Dwyer’s malcontent was reiterated by six other residents about Harveys Lake Borough Council’s March decision to enter into a stormwater management contract with WVSA despite a reported advisory by the municipal engineer not to do anything until six months before the borough’s 2020 deadline.
“Since the MS4 doesn’t expire until 2020, why was there such a rush to join them?” Dwyer, a borough resident, asked.
MS4 is a stormwater management mandated by the U.S. Environmental Protection Agency that requires all municipalities to reduce the amount of sediment deposited into the Susquehanna River and other waterways that feed into the Chesapeake Bay. The state Department of Environmental Protection requires towns to submit stormwater permit plans showing how they will reduce sediment.
WVSA and Dallas Area Municipal Authority are developing action plans to offer to area municipalities for a fee.
“WVSA is a regional organization; we like to keep things at the lake,” Dwyer said. “We did the same thing with the planning commission. The planning commission was with Luzerne County in Wilkes-Barre. When I was on council, we actually decided to put it at the lake. We took it out of Luzerne County who didn’t really give a damn about us.”
“I don’t like that we will be billed $60 for services already received by Princeton Hydro, EAC (the borough’s Environmental Advisory Council) and DEP (Department of Environmental Protection),” she said.
Borough Council vice chairman Daniel F. Blaine offered to talk with Dwyer “one-to-one” after the meeting, but she pushed for him to discuss it at the meeting with nearly 40 attending residents, all looking for answers.
“That has been discussed, and we will move on,” Blaine said in response.
Resident Jack Davies asked mayor Carole Samson why she broke the 3-3 tie vote in March to sign with WVSA.
“The way I see it we just turned $100,000 over to WVSA,” Davies said. “Carole, why did we make that vote happen? Why did we rush it?”
“Because I thought we were being short-sighted on the future coming up and it might cost us twice as much money down the road to get in as it does now,” Samson answered.
Last month, council members Blaine, Clarence Hogan and Chad Flack supported the motion to enter into a contract with WVSA. Council members Michell’e Boice, Thomas Kehler and Ed Kelly voted against it with Samson cast the deciding vote.

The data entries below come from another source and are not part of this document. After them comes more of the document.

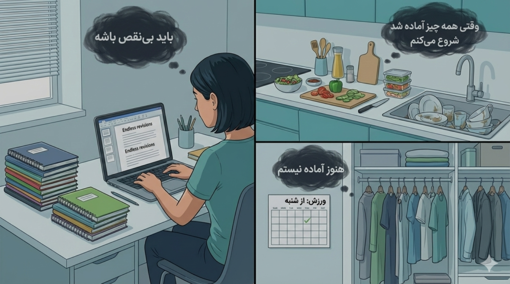 - کمالگرایی پنهان میگوید: «الان وقتش نیست، بعداً بهتر انجامش میدم.»
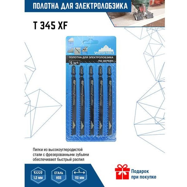 Полотно для электролобзика VertexTools (Вертекстулс) 5 шт T345XF
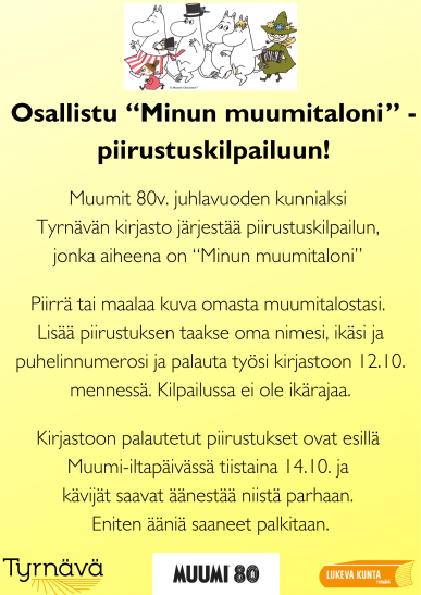 17.09.2025 17:01 - 12.10.2025 21:00 "Minun muumitaloni" -piirustuskilpailu Piirrä tai maalaa kuva omasta muumitalostasi. Lisää piirustuksen taakse oma nimesi, ikäsi sekä puhelinnumero ja palauta työsi kirjastoon 12.10. mennessä. Kirjastoon palautetut työt ovat esillä Muumi-iltapäivässä tiistaina 14.10., jolloin kävijät saavat äänestää niistä parhaan. Eniten ääniä saaneet palkitaan muumiaiheisella palkinnolla.
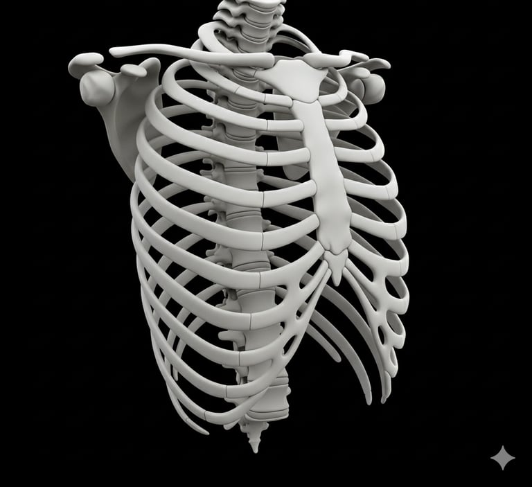 لقفص الصدري بيتكون من عظام الضلوع، عظمة القص، والعمود الفقري. دوره الأساسي حماية القلب والرئتين والأعضاء الحيوية، وكمان بيساعد في عملية التنفس
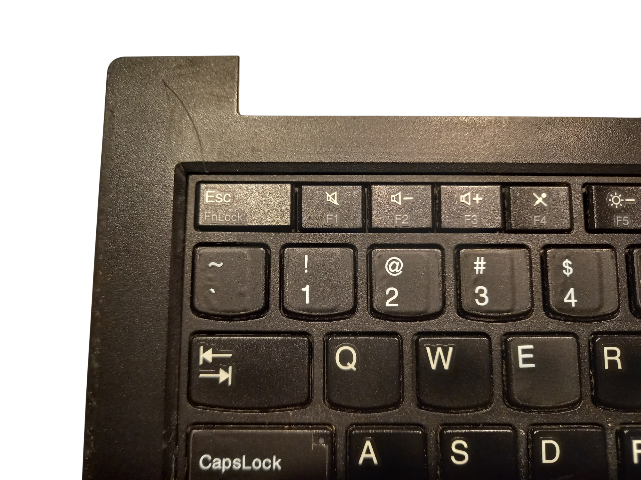 Posiada widoczne obtarcia na krawędziach oraz jedną dużą rysę w okolicy klawisza ESC.
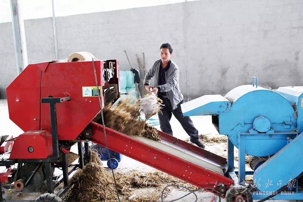 今年3月,四合庄村一直筹划的村集体公司——重庆市聚众饲料销售有限公司终于成立了,同时,公司旗下建成四合庄村秸秆回收综合利用加工厂,专门加工肉牛草料,赵天权也有了新身份——新公司的监事以及加工厂的负责人。在四合庄村秸秆回收综合利用加工厂,赵天权正在操作圆捆包膜一体机,将碾碎的秸秆打包。

Davies asked Blaine if he had any friends at WVSA and if he would benefit from the borough signing with the agency.
Blaine admitted he is friends with Phil Latinski, who is on the WVSA board, but denied any benefit from the council’s decision.

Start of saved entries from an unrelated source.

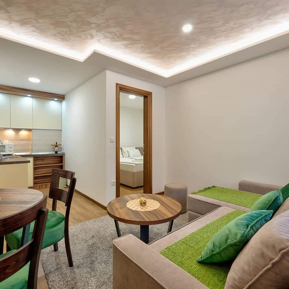 El apartamento Zlatiborski sjaj lux tiene 38 metros cuadrados y se encuentra a 300 metros de la Plaza del Rey y el lago en la calle Svetogorska n.º 19a, cerca de la iglesia, rodeado de un bosque de pinos. Está ubicado en un edificio de lujo completamente nuevo, energéticamente eficiente, que cuenta con ascensor y recepción. Cuenta con Wi-Fi, televisión por cable y plaza de aparcamiento. La calefacción es de suelo radiante con radiadores noruegos. Está equipado con dos televisores LCD, tiene cocina equipada, vajilla, tostadora, microondas, cafetera Dolce Gusto, ropa de cama, toallas, secador de pelo, plancha.
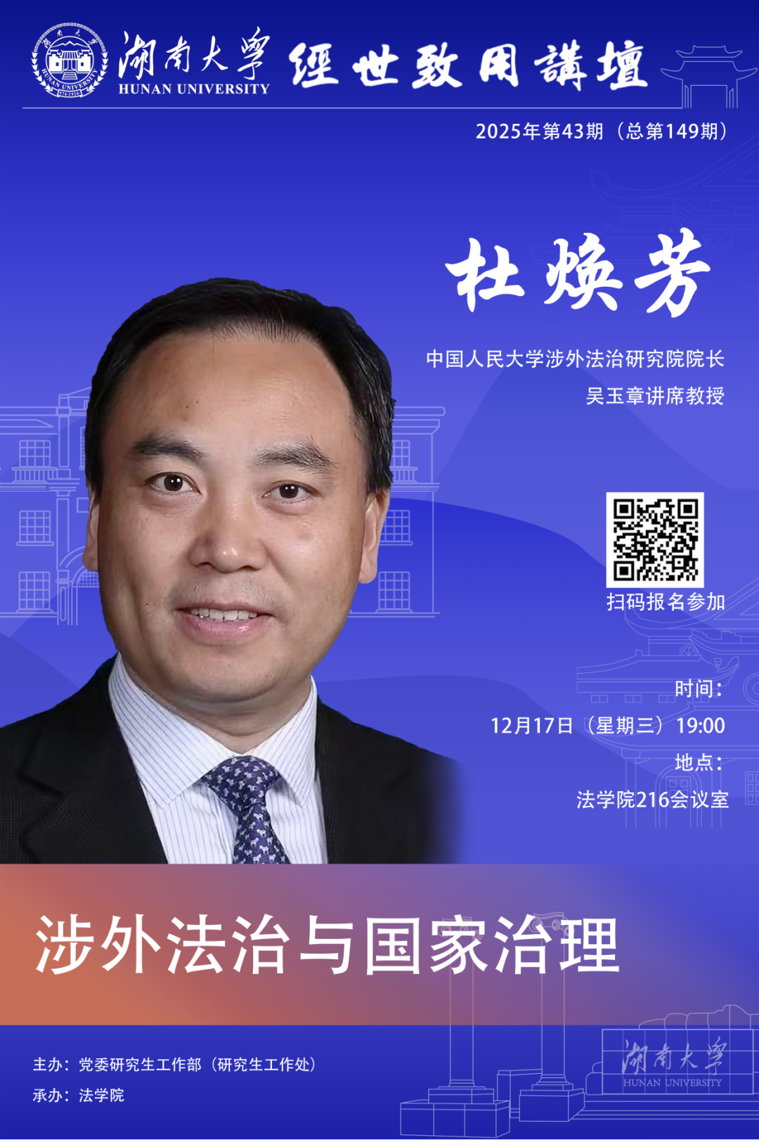 12月17日19:00邀请中国人民大学涉外法治研究院院长、吴玉章讲席教授杜焕芳于逼哩逼哩
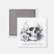 Magnet frigo avec une peinture aquarelle d'un crâne entouré de roses, et votre nom ou autre texte personnalisé à droite.
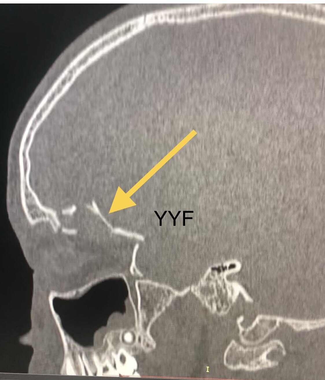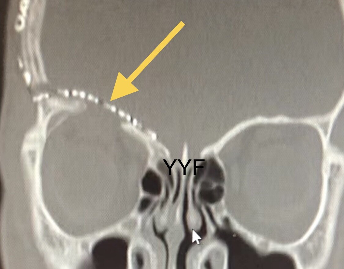 CT检查发现眶顶(相当于2楼“房顶”如果把眼眶比作2楼的房间),也就是颅底(3楼的“地板”)有明显的大范围骨折:

“Do we have an environmental council?” Davies asked.
“Yes, we do,” Blaine answered.
“Did we consult with them?” Davies asked.
“We have had meetings,” Blaine started to answer when interrupted by audience members yelling out “that’s a lie.”
“There is a letter right here that said you did not contact them and they are very upset about it,” Davies said. “I’ll pass the letter around for everyone to read it. You guys are so sneaky it is unbelievable.”
Boice read a letter from John Levitsky, the chairman of EAC, which stated, “The vote by the borough council to accept WVSA as the MS4 manager for Harveys Lake Borough has caught EAC off guard. EAC was not made aware that this proposal was being discussed and now find the vote was completed Tuesday night (March 20).”
Levitsky’s letter also stated EAC is a “constituted municipal board” that advises the borough council on environmental issues and policies. EAC helped guide the lake through many environmental challenges such as the “extensive algae blooms and unswimmable waters in the 1980s to the clean waters in 2018 that DEP and the federal EPA use as an example.”
The next meeting of the Harveys Lake Borough Council is scheduled for 7:30 p.m. May 15 in the municipal building.